すると、男の子のお母さんが、泣きながら私のところに来て下さったのです。


泣きながら、私に「ありがとうございます」って、頭を下げられたのですよ。


ついさっきまでブチ切れて怒鳴っていたお母さんが、ボロボロ涙を流しながら、

「ありがとうございます」

って、たいして役にも立てなかった私に、深々と頭を下げられたのです。


あぁやっぱり、このお母さん泣きたかったんだ。

泣きたくなるくらい、限界を超えて頑張ってたんだ、と思いました。


私も思わず立ち上がって、「いえいえ、お母さんこそ、お疲れ様です」と頭を下げ返したら、私まで涙が出てきました。

自分もこのお母さんと同じような状況がたくさんあったこと、今でも泣きたくなる日がたくさんあるということを、色々思い出してしまって、他人事とは思えなかったのです。


お母さんは泣きながら、何度も何度も、「ありがとうございます」と深く頭を下げられました。

私は、いつも人に助けられるばかりのダメな人間で、誰かに泣きながらお礼を言われるなんて初めてだったし、めちゃくちゃすべってピエロみたいだったのに、こんなに感謝されていいのかな、と思いながらも「もしかして少しはお母さんの助けになれたのかな」と思ったら嬉しくて、ますます泣けてきました。



その後、2人で泣きながら「大変ですよね」「しんどいけどお互い頑張りましょうね」みたいな会話を少しだけして、お母さんは診察室へ。

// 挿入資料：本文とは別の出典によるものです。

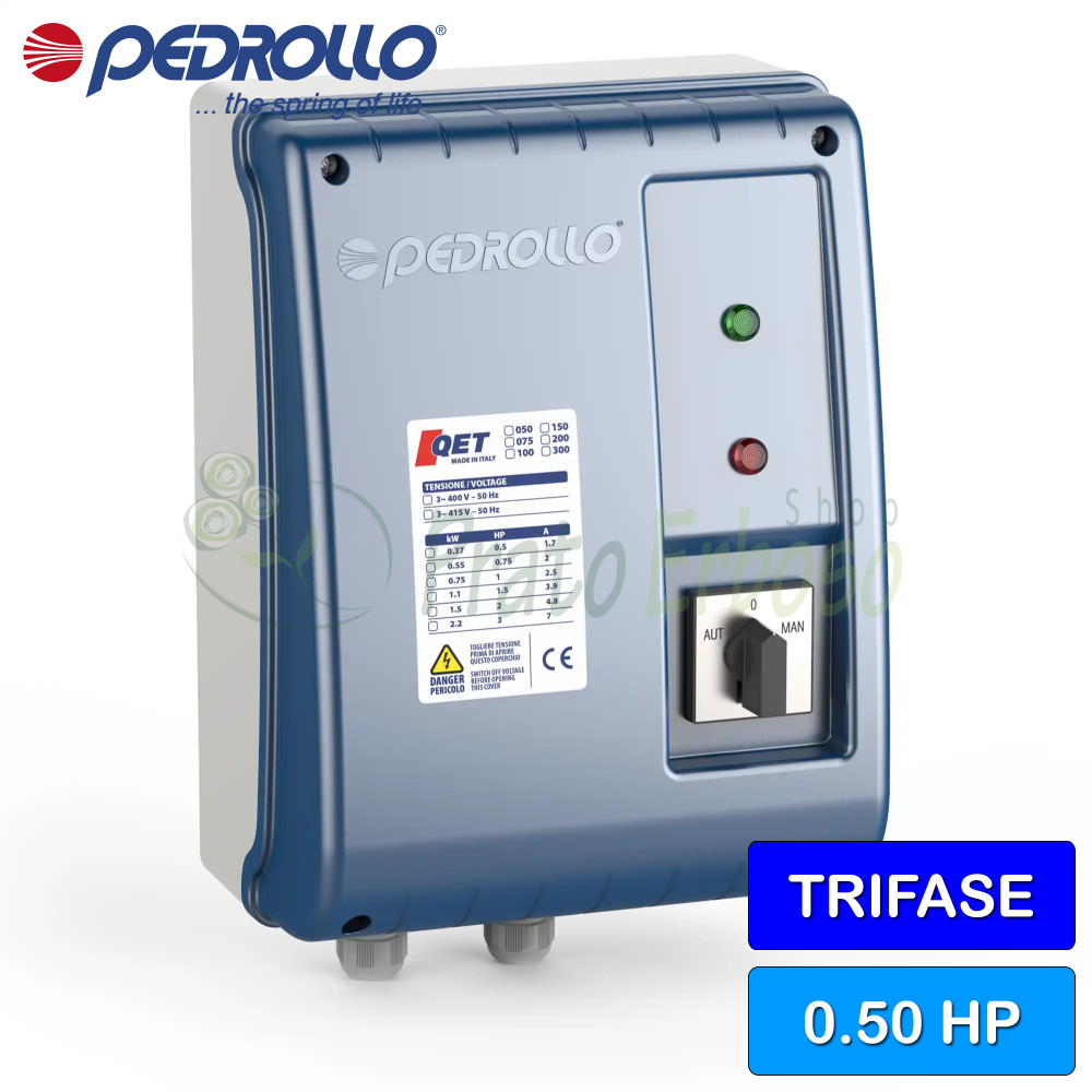 Tabloul electric QET 050 din seria QET de la Pedrollo este compatibil cu pompele electrice submersibile cu motoare trifazate.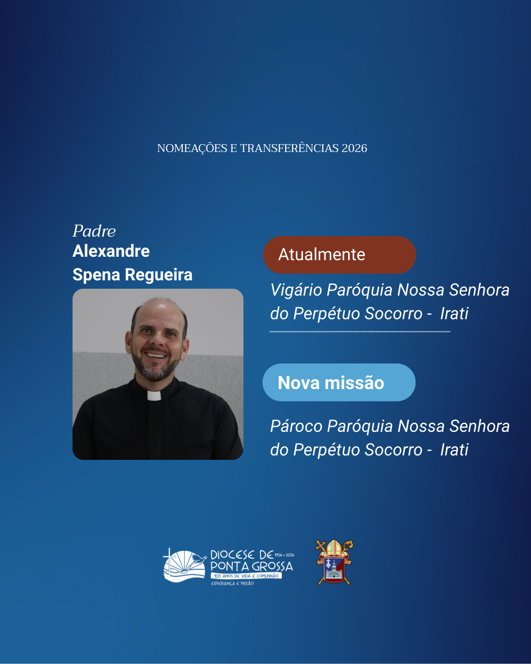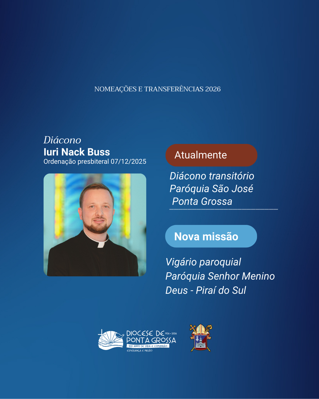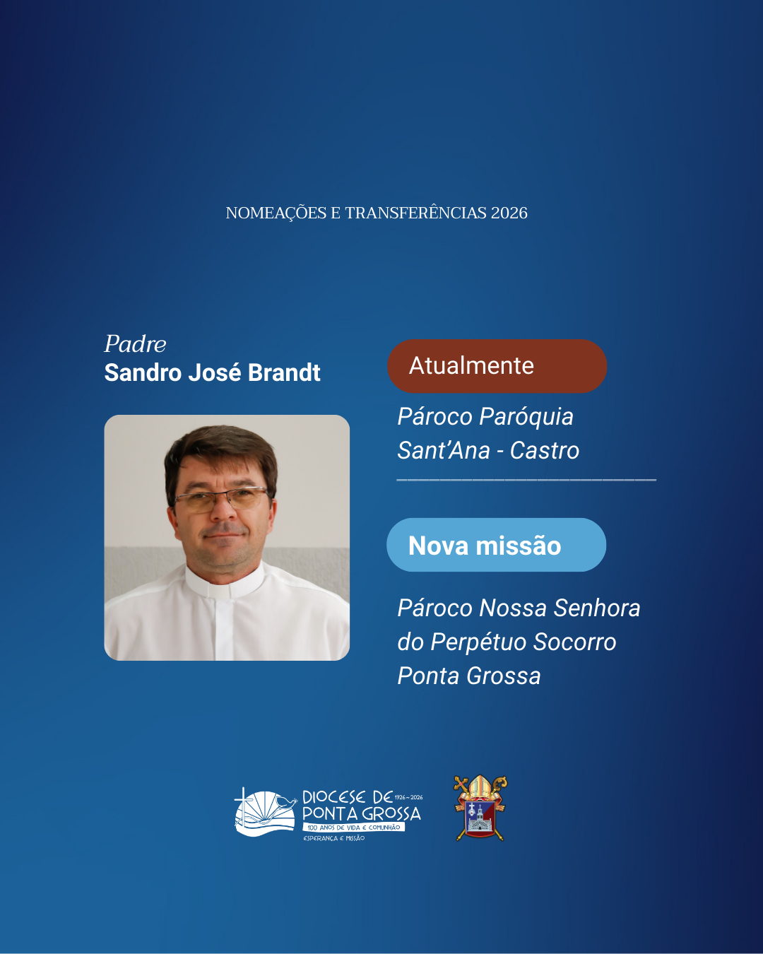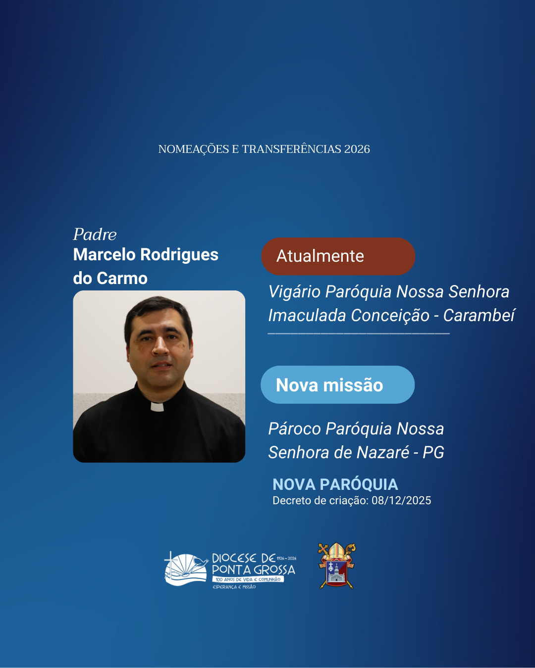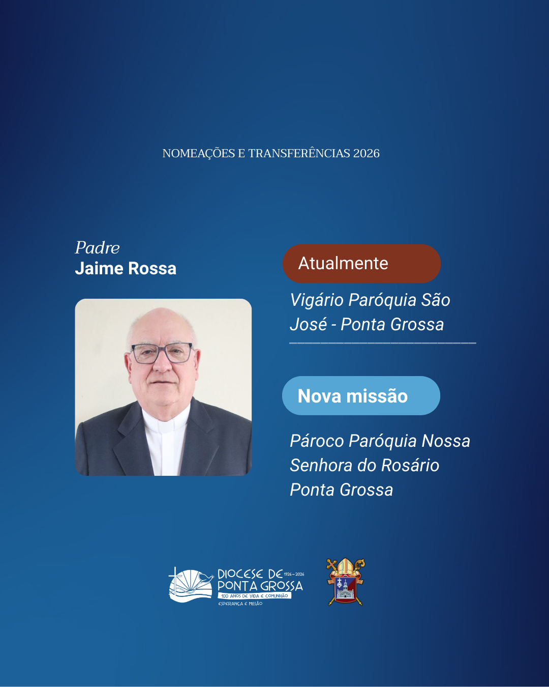 Vivemos um momento de graça na Diocese de Ponta Grossa: mudanças no clero, novos desafios e a expansão da estrutura paroquial, tudo guiado pelo desejo de servir ao povo com mais proximidade e carinho. Que cada mudança seja acolhida com fé e esperança, percebendo ao pastor que chega o dom de Deus, e à comunidade uma oportunidade de renovação espiritual e missão conjunta.

私はもうチュッパの診察が終わっていて会計待ちだったので、その後会計して帰りました。


帰る頃には男の子はまだ座り込んでいましたが、泣きやんで、だいぶ落ち着いた様子でお父さんと一緒にいました。

その後、無事に点滴できたかな?と気がかりですが、あのかわいい男の子が、もうすっかり元気になっていることを願っています。


そして、あのお母さんも、どうか元気でありますように。

少しゆっくり、休める時間が取れているといいな…と、密かに念力を送り続けています。


私は絶望的に人の顔を覚えられないので、どこかですれ違っても気付かないと思います。